Adolescents and young adults, particularly girls and young women, are increasingly seen as driving forces in global health and international development.1 The physical, cognitive, social, and emotional capabilities acquired during adolescence underpin wellbeing throughout the life-course, including the capacity to engage effectively in work and leisure, family life, and communities.2 Equally, failure to acquire these capabilities during adolescence can have adverse long-term effects on individuals, families, and communities.
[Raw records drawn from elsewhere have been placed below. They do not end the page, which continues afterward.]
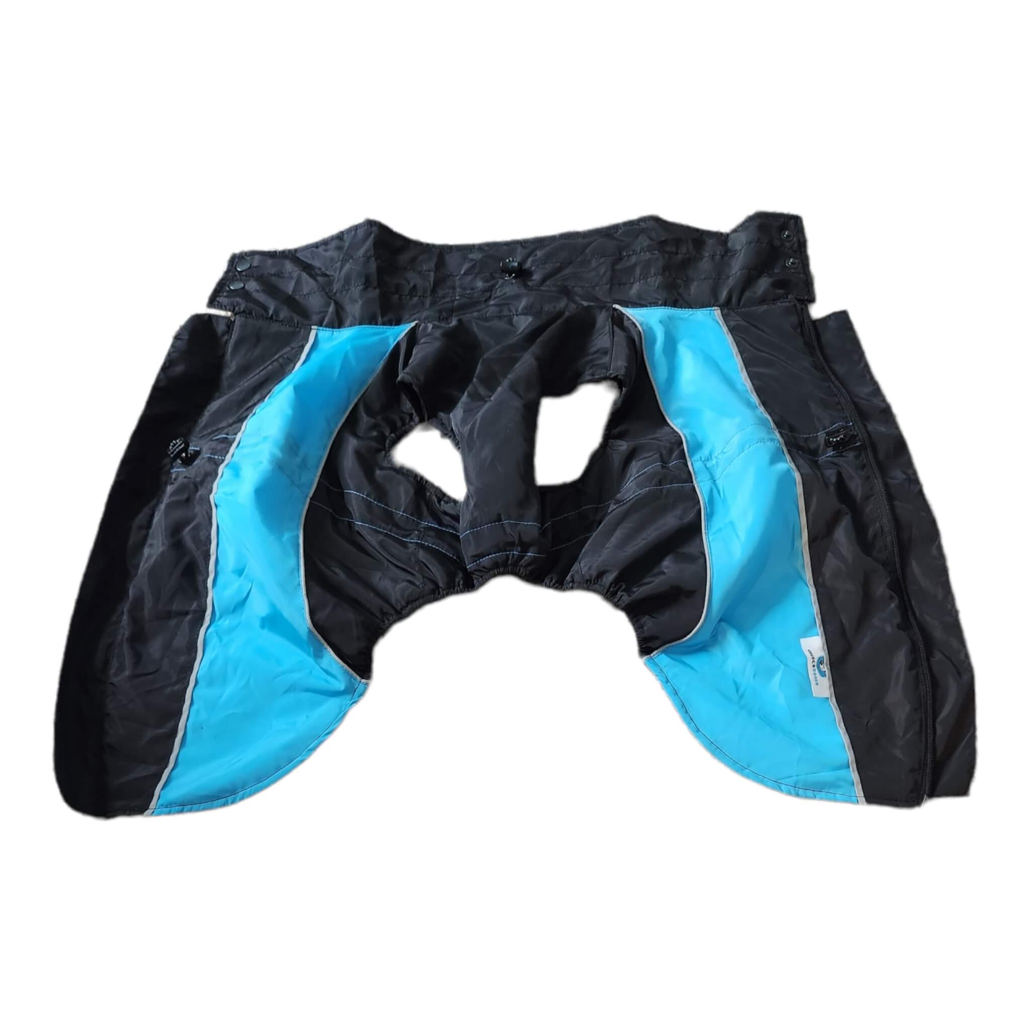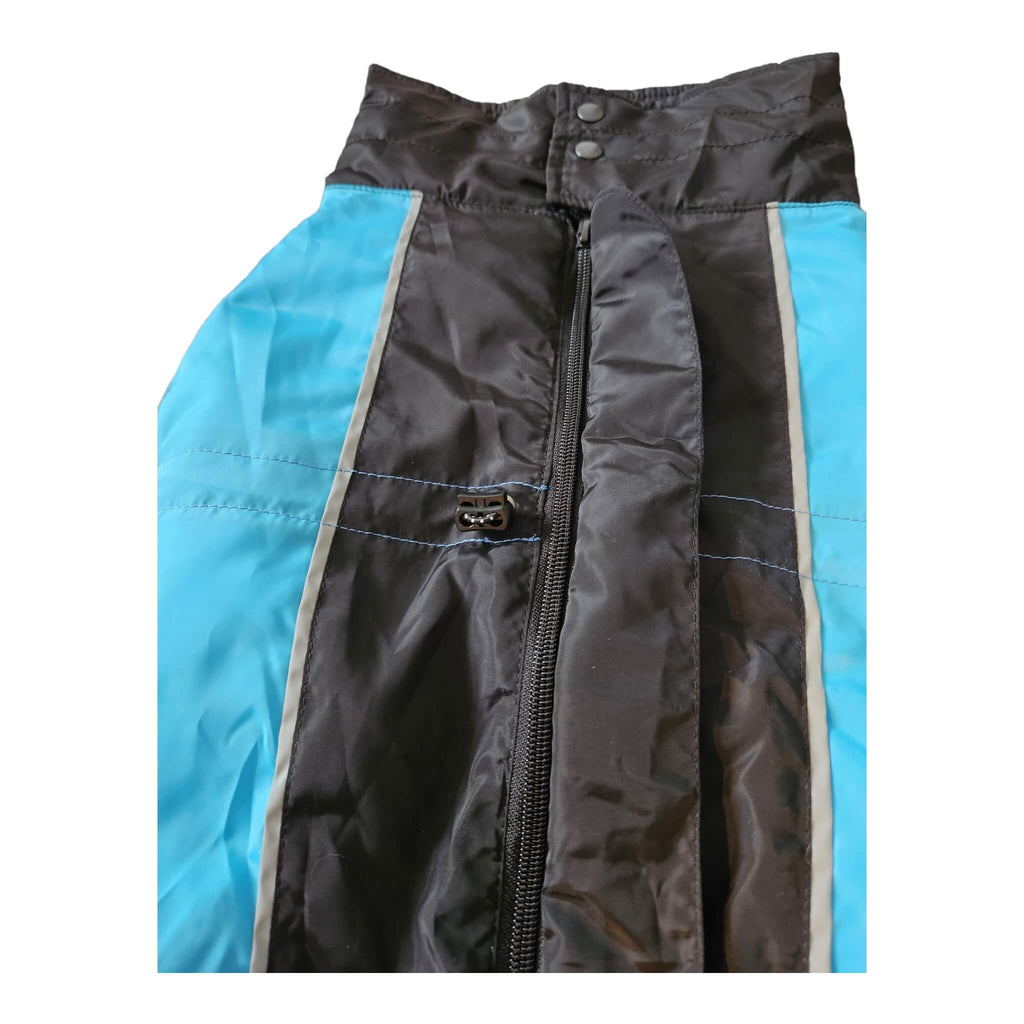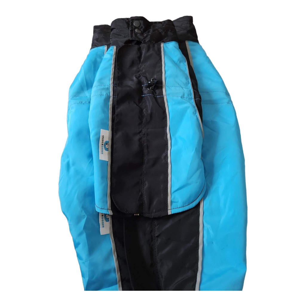 Made from a 100% Polyester waterproof shell and lining, unlike most coats on the market, the lining material will not "grab" your dog's fur. Easy to achieve the perfect fit with elastic stoppers located at the neck and belly, the ample neck section of the coat also features smart button closures that will prevent any moisture from getting in, keeping your pet nice and dry.
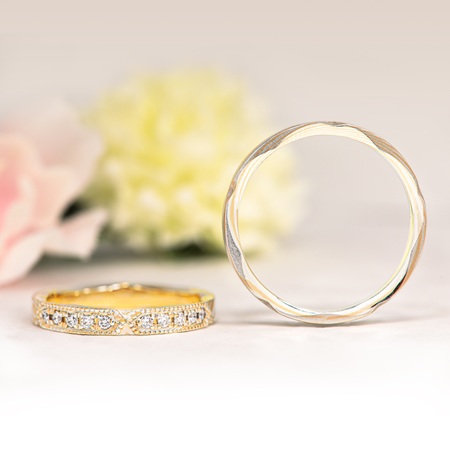 お二人のお好みをかたちにする木目金のご婚約指輪・ご結婚指輪
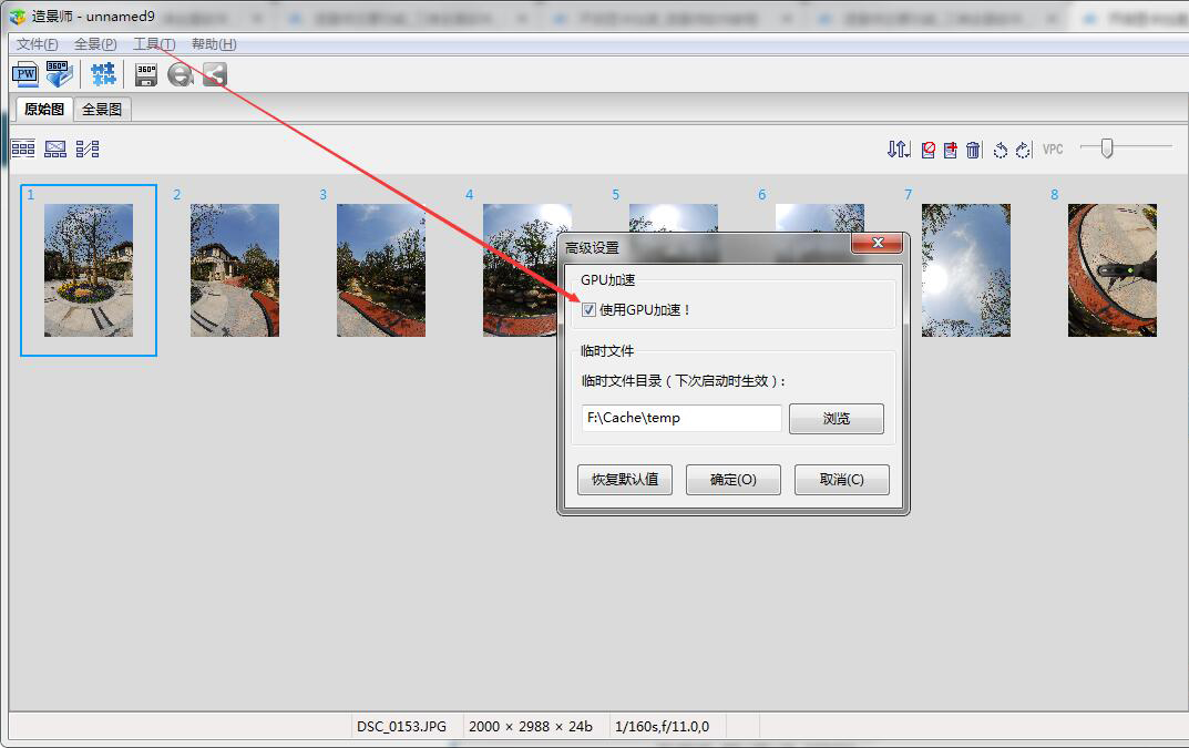 造景师中支持启用显卡加速功能,可以让拼接保存发布全景图的时间更短。具体的启用很简单,参照如下步骤开启即可:

Powerful global forces are shaping this transformational life phase. Improvements in childhood nutrition and control of infectious diseases have reduced the age of puberty in many countries.3, 4 Conversely, the adoption of adult roles, including stable partnerships and marriage, parenthood, employment, and leaving home are occurring later in life.5 Changing economic patterns, driven by globalisation, technology, and climate change, are reshaping the nature of jobs, requiring increased periods of education before employment.6 Changing cultural and social norms around gender, child marriage, and attitudes to violence, together with the rapid spread of digital and social media, are now shaping social development across the adolescent years.7
In low-income and middle-income countries (LMICs), many specific factors affect both the health and social development and the capabilities of adolescents. To date, adolescents have benefited less than younger children from the epidemiological transition from communicable to non-communicable diseases as the main contributors to the burden of disease. For adolescents aged 15–19 years, the disease burden remains twice as high in LMICs (excluding China) as in the rest of the world. This increased burden arises from preventable and treatable problems, including HIV and other infectious diseases, poor sexual and reproductive health, undernutrition, and unintentional injury.5 Child marriage is a crucial factor: in 42 LMICs, 36% of women aged 20–24 years were married or in union before 18 years of age, compared with 1–2% of women in high-income countries.8 Rates of interpersonal violence are nearly 2·5 times as high in 75 LMICs as in the rest of the world.9 The availability of quality education and employment for adolescents in LMICs also remains limited.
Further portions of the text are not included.